Most Disappointing: Skyfall - It's a note by note pastiche of Nolan's Batman movies. The villains have mouth injuries and interrupt an official event by disguising themselves as police and its just note for note. The plot ideas weren't good the first time, they're even worse as leftovers.

Worst movie: Prometheus - to explain this one, let me swipe a part of something my friend wrote:

INT. GIANT HEAD TESTING ROOM

SHAW
Oh my God, I just realized: the H.R. Giger creature that so-fascinated generations of moviegoers isn't a creature at all but a giant man in a HELMET! Let's remove it and stick electricity in it.

GIANT HEAD
Waaaaaarg {explodes}

SHAW
Good science today, people.


And that about sums it up.

Wednesday, December 26, 2012

Amanda (Not Her Real Name), Part 1

It's been so long that the details are fuzzy. It's also been so long, I can't remember a time when the details were sharp or when I didn't know her.

I was in the midst of my early 20s asshole phase in 2003. The one all guys go through in college where they sleep with naive girls from parties who got drunk on cheap beer. I was hooking and catching and releasing women all the time; one point I had a woman for every different day of the week. Most of them were just sex, the others were just to make out with, others still were sisters of old girlfriends and I... still feel awful about that.

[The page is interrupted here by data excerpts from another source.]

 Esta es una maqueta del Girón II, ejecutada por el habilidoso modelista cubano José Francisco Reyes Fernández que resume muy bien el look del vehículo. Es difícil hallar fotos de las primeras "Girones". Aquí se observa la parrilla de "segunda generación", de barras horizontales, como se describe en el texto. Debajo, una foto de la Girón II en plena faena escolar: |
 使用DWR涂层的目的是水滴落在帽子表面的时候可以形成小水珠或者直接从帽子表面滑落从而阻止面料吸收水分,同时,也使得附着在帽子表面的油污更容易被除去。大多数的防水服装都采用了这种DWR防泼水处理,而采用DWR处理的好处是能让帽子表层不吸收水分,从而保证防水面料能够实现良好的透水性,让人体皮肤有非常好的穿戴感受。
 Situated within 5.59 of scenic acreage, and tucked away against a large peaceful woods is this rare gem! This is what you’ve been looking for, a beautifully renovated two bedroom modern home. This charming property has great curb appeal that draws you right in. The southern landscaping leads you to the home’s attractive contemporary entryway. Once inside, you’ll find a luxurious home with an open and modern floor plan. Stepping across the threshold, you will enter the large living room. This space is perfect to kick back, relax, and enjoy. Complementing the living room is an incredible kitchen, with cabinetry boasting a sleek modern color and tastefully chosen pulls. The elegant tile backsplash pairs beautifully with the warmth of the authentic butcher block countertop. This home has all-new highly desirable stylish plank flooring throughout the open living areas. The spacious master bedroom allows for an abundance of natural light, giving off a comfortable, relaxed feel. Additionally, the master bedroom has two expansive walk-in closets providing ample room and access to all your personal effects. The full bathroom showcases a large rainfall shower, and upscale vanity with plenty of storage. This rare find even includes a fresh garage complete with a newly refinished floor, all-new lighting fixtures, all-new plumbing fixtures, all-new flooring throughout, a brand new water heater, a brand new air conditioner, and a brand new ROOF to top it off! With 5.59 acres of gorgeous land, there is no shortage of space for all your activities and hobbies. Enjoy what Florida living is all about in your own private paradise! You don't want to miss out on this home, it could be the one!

I was using OkCupid after being introduced to it by a friend. It was as useful as a sledgehammer while swimming: a lot of emails, no real life connections though. I think in ten years I only met three girls through it: two would be important friends for many years and the third was Amanda.

The only thing I remember about talking to her on there was that while I was checking her profile regularly, she was also checking mine. She was too crushingly shy to make the first move and I was interested but not sure how this stuff worked. I eventually bit the bullet and we sent some small, awkward messages back and forth (now forever lost to time).

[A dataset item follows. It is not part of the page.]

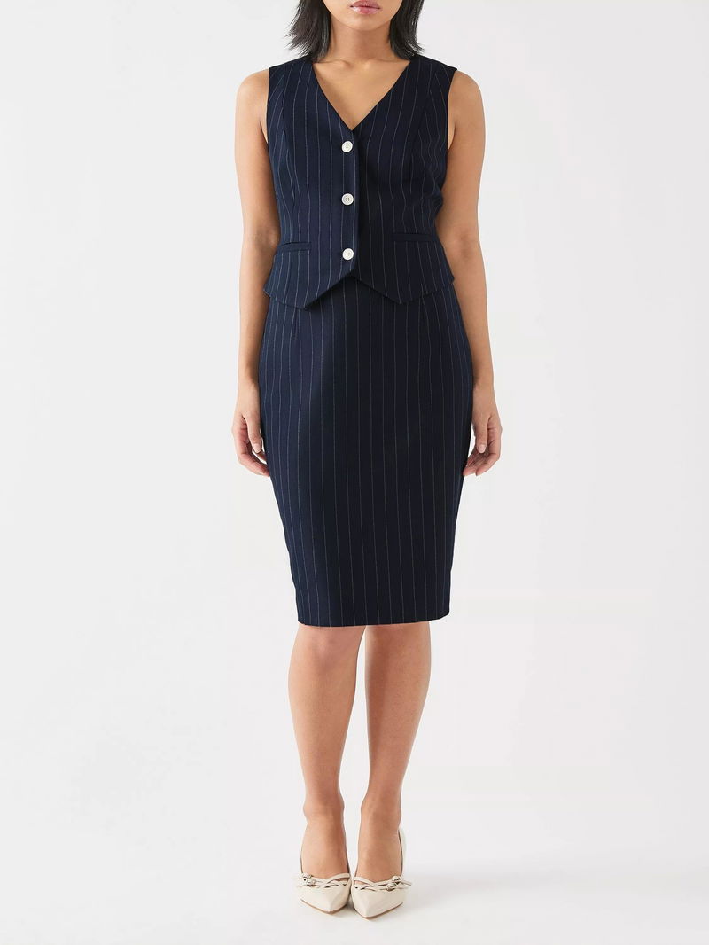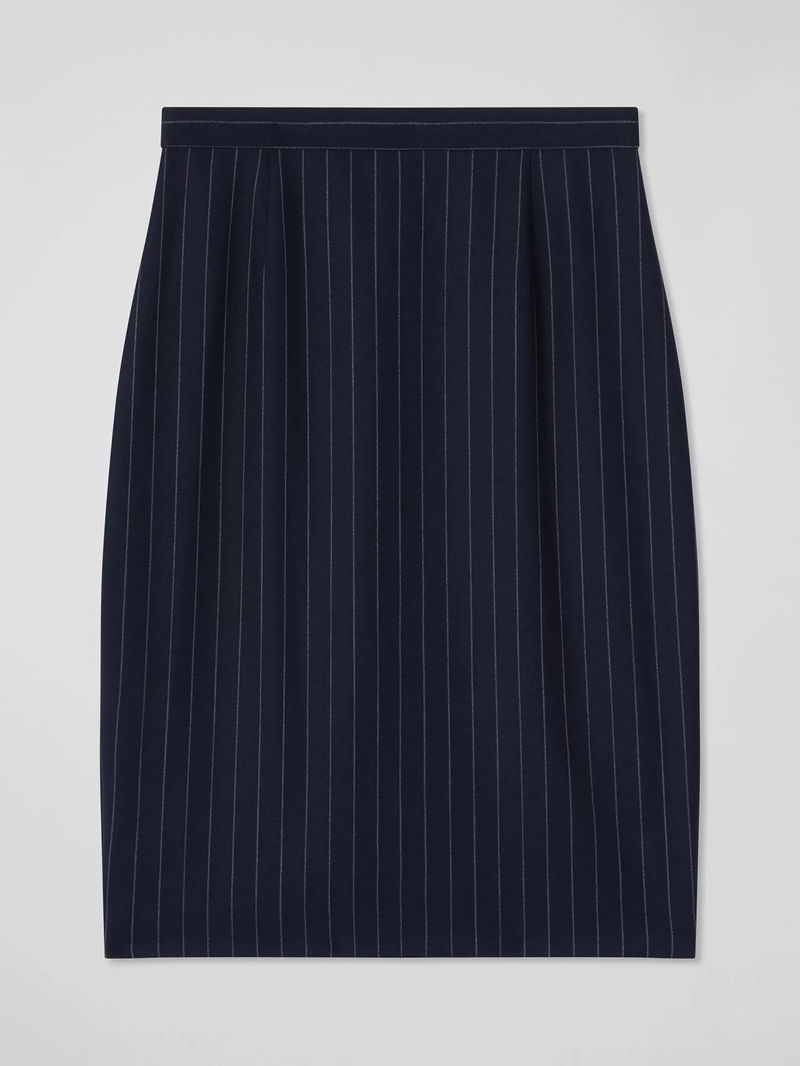The Bella petite skirt offers sophisticated elegance. This wool-blend pencil skirt, adorned with a chic pinstripe, combines classic workwear charm with modern flair.

After, I kid you not, *months* of this, we decide to meet at a bar a couple of towns over near Yale. I'm dressed more blue collar than anyone else in town but she introduces herself at the bar and she's a tiny, tiny girl. Like five foot one. Curly dark hair. Eyes as big as saucers behind Lisa Loeb glasses. Something about her physically defined "sexy nerd" in the way only Internet ads do. Like a super-cute librarian girl. Unrealistically too, given the job she was working in college was stacking books in a law library.

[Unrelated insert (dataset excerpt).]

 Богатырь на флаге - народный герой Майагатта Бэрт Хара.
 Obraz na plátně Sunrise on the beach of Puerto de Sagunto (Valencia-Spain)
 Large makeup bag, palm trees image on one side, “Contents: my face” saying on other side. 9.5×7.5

Awkwardly, she brought four of her friends (who does that?) and they immediately thought I was gay. I'm assuming it was my very stand-offish attitude but then again, I was on a blind date only to be surrounded and judged by this girl's circle of close friends. It was very off putting and though I sat next to Amanda, I didn't talk to her. I was quiet, but I also found the hairs on my arms standing up when I made eye contact with her. She fumbled for words, she was scared and her words were coming out in rat-a-tat-tats. Flustered would be the word another generation used.

After being dragged to the dance floor (always good for a laugh, as I do a mean impression of a fish out of water) and grinding against her while she looks at me with pleading eyes, we're back at the booth and I'm talking to her friend across from me since we both worked in liquor stores. Its the only thing I can talk to in this group and I'm trying to force myself into, you know, being a human fucking being for once. Trying to interact and reach out.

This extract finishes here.